→ **The data**

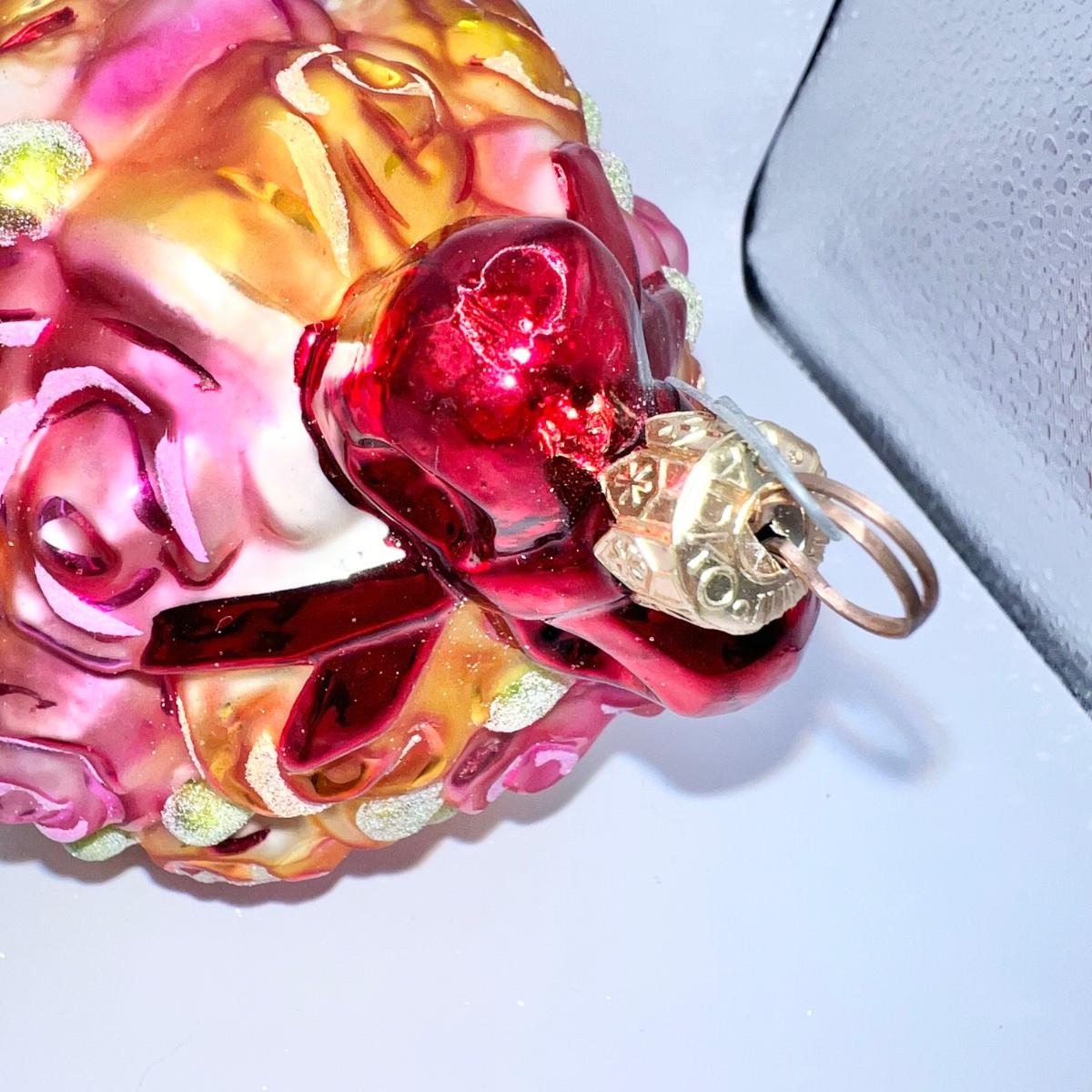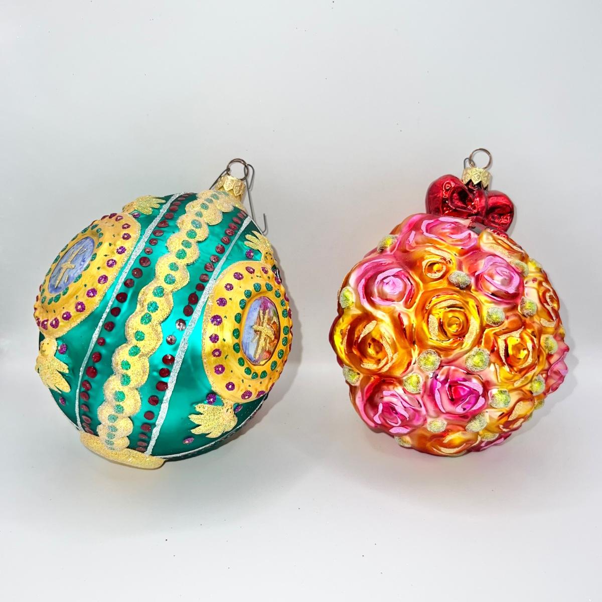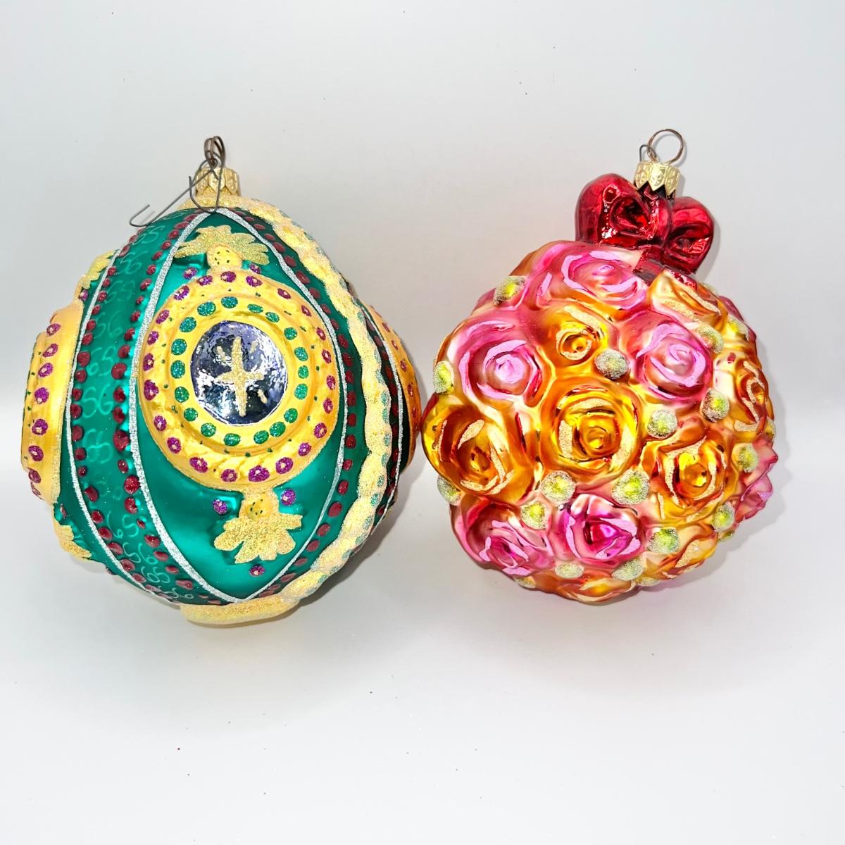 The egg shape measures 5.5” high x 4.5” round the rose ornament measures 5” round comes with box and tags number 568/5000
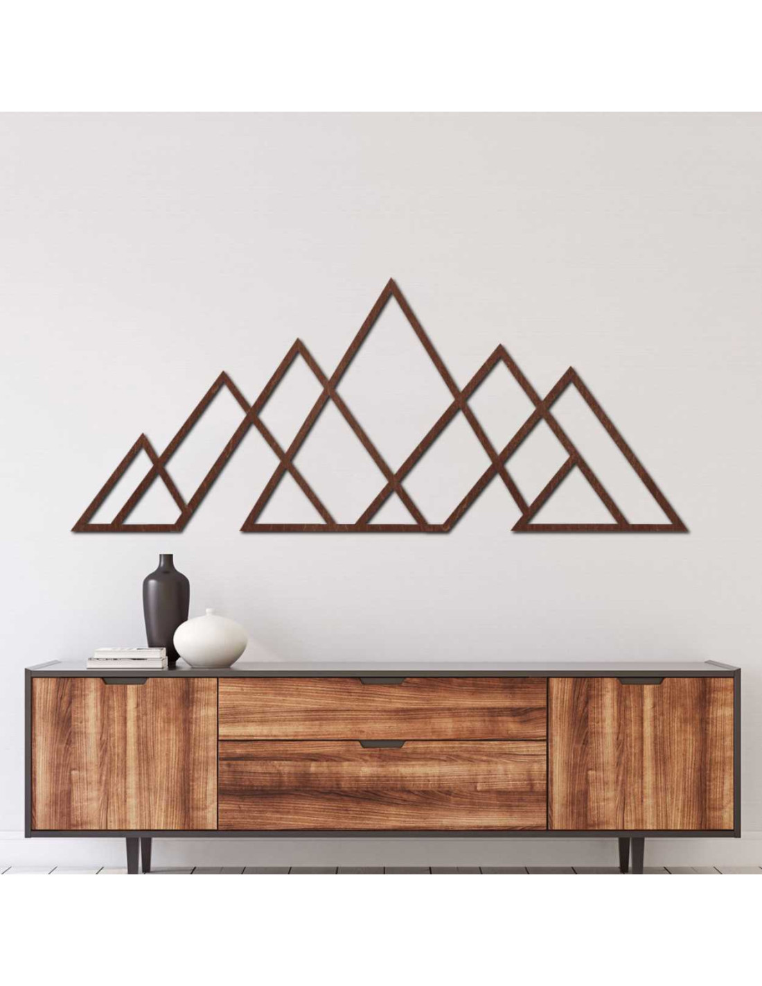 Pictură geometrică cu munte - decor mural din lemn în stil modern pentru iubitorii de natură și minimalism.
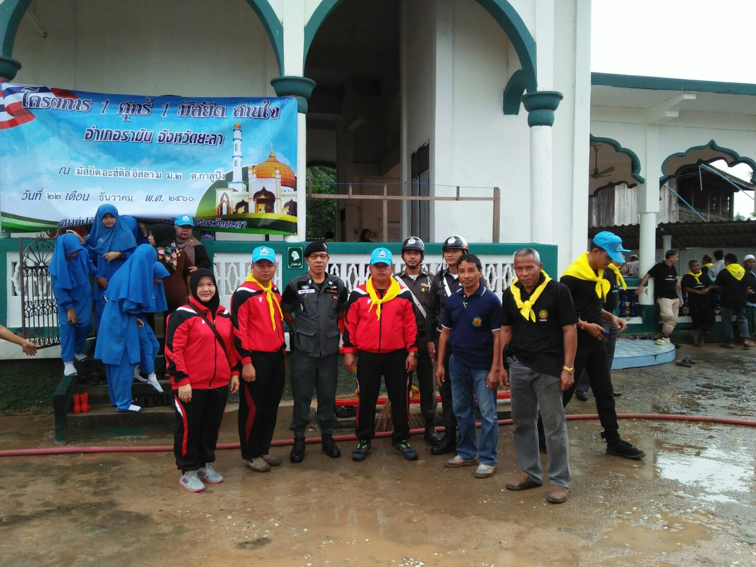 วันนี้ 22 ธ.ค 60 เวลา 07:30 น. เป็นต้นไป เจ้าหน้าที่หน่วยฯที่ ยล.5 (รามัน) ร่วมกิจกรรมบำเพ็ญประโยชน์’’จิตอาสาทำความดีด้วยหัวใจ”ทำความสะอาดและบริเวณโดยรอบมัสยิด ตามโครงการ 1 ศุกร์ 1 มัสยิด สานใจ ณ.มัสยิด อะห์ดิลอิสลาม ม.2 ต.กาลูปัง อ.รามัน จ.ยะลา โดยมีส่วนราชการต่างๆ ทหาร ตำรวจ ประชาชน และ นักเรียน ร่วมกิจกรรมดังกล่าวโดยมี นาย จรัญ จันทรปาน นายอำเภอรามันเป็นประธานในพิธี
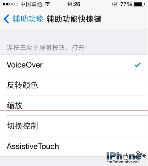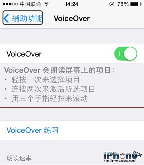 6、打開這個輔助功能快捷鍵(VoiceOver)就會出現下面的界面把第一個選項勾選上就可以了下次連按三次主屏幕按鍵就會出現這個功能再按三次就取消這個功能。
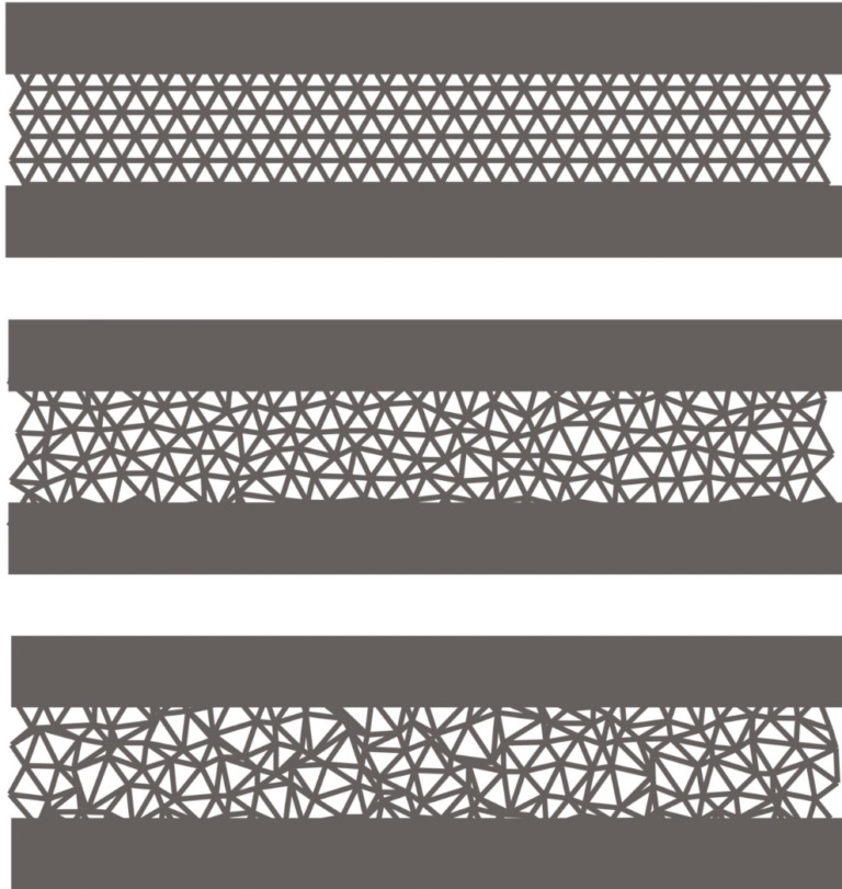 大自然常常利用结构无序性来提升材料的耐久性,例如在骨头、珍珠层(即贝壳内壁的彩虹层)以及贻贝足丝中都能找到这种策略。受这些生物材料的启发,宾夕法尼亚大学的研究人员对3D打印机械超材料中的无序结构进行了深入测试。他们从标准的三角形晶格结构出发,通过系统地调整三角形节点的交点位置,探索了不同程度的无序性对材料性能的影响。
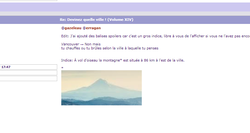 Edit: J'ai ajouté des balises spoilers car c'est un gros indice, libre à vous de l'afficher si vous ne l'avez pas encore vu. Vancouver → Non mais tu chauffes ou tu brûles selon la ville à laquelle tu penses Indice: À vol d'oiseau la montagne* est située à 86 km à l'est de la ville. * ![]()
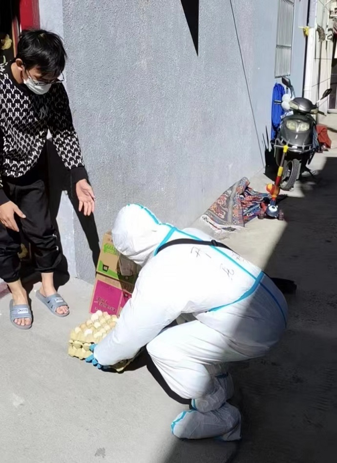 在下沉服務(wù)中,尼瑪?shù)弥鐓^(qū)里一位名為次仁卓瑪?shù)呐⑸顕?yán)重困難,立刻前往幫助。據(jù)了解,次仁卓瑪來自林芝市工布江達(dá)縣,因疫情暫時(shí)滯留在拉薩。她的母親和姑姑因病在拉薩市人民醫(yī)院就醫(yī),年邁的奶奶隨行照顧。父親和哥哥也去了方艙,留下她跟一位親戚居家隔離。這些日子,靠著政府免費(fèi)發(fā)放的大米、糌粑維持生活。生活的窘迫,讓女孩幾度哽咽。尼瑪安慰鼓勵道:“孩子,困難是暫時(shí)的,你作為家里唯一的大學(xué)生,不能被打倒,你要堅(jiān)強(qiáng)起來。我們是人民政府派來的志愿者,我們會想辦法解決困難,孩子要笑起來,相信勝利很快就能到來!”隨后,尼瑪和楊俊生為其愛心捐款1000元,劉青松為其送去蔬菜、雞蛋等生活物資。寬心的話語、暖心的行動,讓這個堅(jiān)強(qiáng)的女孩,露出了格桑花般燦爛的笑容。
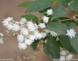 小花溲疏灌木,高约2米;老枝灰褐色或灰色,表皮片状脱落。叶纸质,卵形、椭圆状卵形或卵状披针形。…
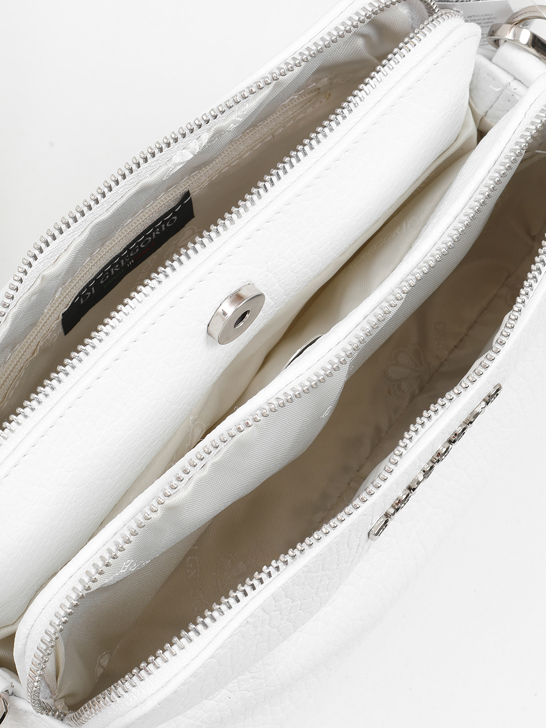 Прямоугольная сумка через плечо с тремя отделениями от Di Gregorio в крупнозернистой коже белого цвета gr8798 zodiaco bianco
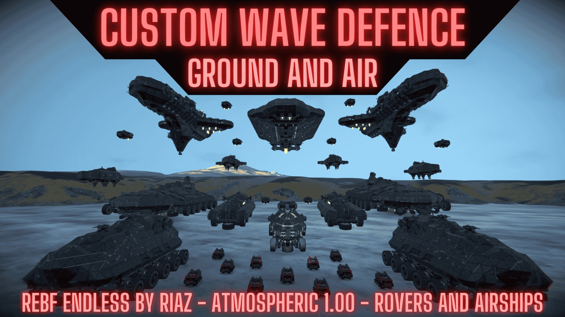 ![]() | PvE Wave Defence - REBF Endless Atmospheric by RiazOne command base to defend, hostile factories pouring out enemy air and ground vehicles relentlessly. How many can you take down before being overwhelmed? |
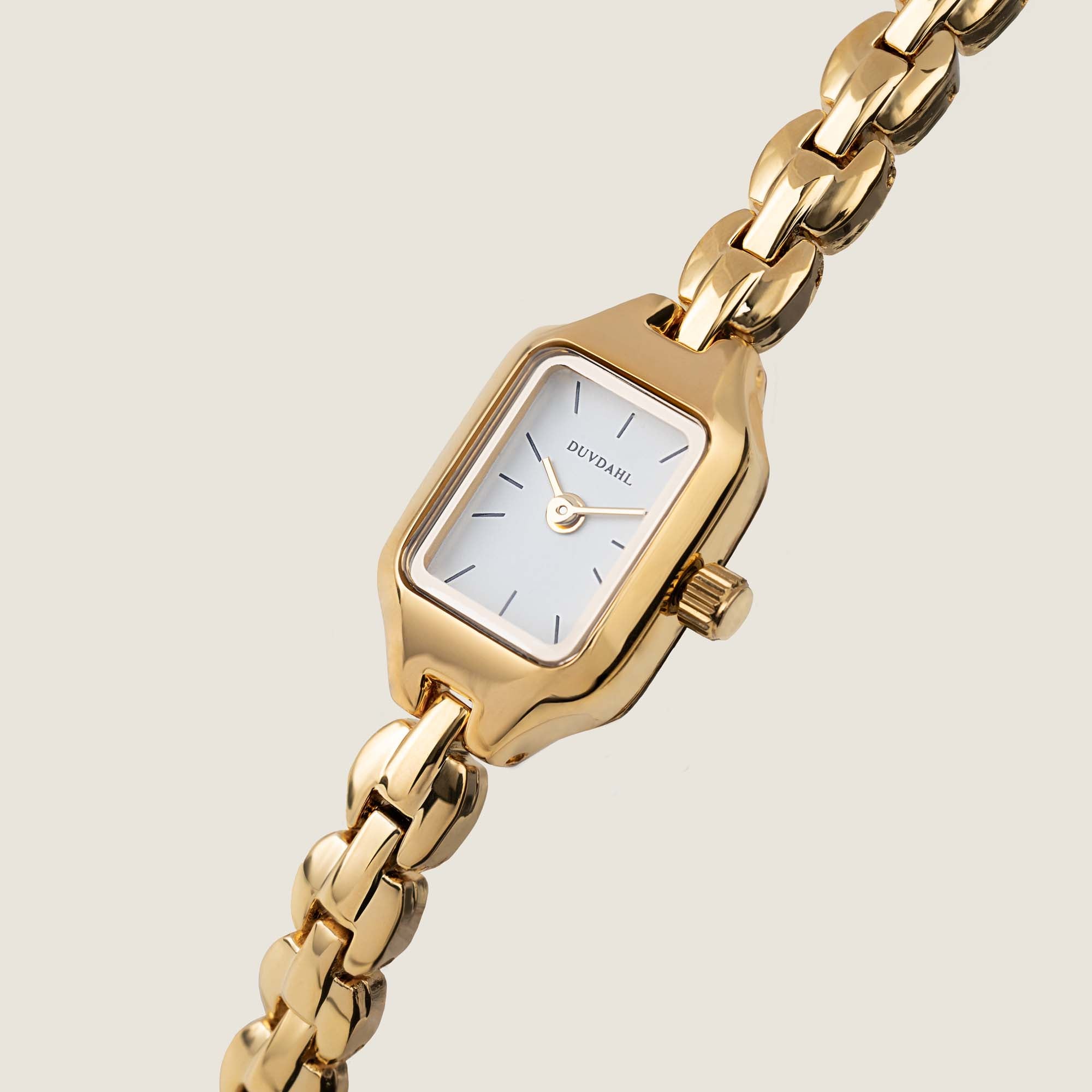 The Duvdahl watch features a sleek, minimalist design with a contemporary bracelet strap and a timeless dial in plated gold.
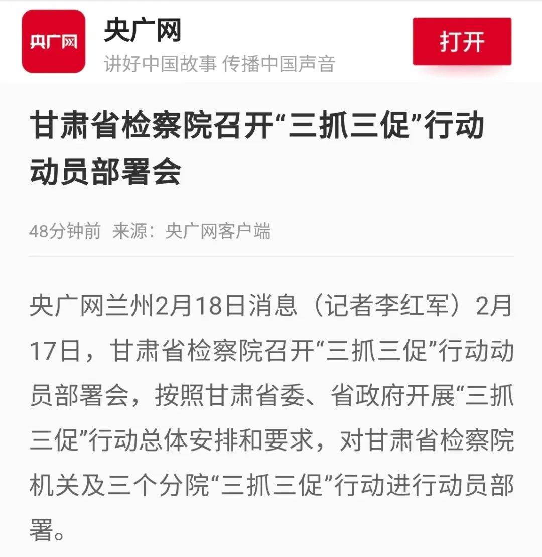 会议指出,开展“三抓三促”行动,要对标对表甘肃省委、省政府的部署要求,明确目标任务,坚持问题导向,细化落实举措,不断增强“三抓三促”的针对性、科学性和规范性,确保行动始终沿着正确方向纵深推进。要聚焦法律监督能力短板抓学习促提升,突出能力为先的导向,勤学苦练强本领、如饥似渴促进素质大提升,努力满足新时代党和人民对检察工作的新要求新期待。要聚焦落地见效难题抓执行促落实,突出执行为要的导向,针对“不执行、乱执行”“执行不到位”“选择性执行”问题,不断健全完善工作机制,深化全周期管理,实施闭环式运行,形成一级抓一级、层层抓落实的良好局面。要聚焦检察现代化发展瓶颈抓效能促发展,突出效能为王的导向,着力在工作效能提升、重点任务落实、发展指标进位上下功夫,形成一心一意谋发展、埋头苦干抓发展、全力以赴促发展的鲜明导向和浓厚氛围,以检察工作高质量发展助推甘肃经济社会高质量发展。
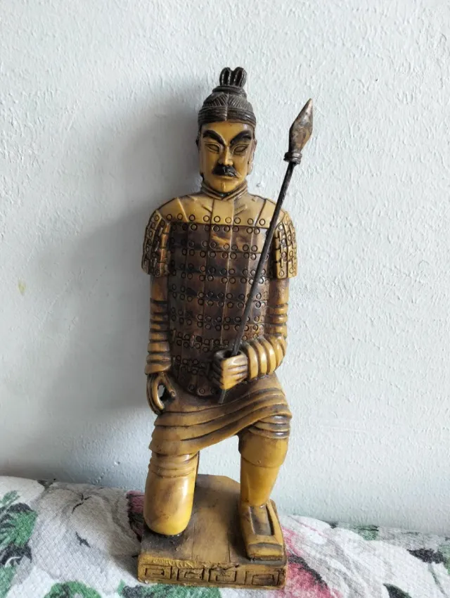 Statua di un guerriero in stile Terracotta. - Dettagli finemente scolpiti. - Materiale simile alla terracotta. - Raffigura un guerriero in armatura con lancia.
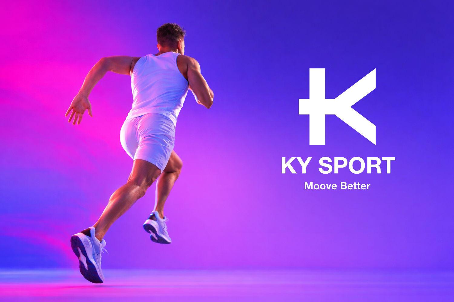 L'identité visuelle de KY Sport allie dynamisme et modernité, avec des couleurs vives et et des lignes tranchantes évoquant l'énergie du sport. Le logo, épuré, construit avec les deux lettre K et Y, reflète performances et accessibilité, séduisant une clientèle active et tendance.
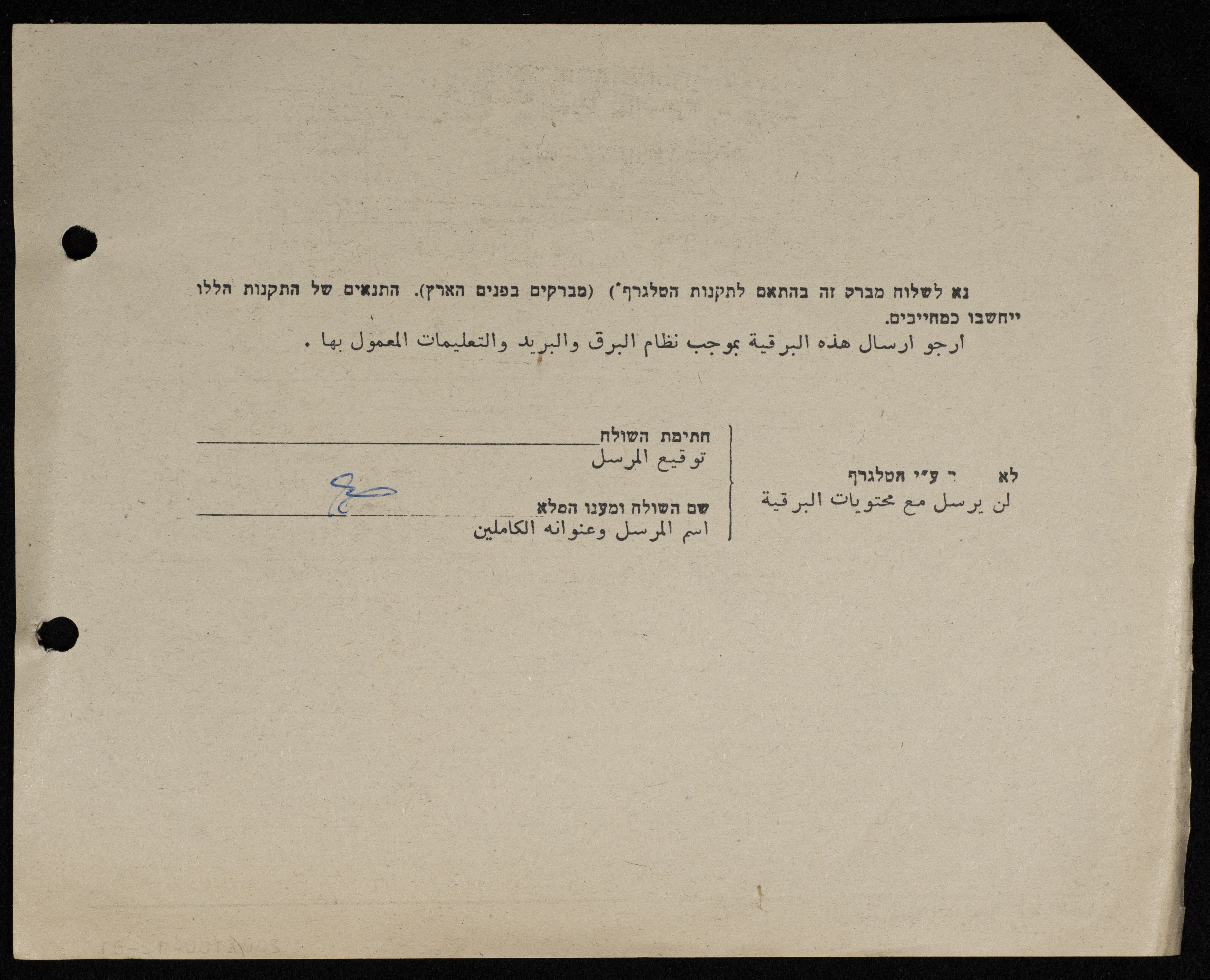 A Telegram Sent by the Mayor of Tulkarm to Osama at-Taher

→ **Task goal**
Reproduce, word for word, every line from the start of the records down to and including the line with "Pictură geometrică cu"; skip the pictures.

→ **Exercise answer**
 The egg shape measures 5.5” high x 4.5” round the rose ornament measures 5” round comes with box and tags number 568/5000
 Pictură geometrică cu munte - decor mural din lemn în stil modern pentru iubitorii de natură și minimalism.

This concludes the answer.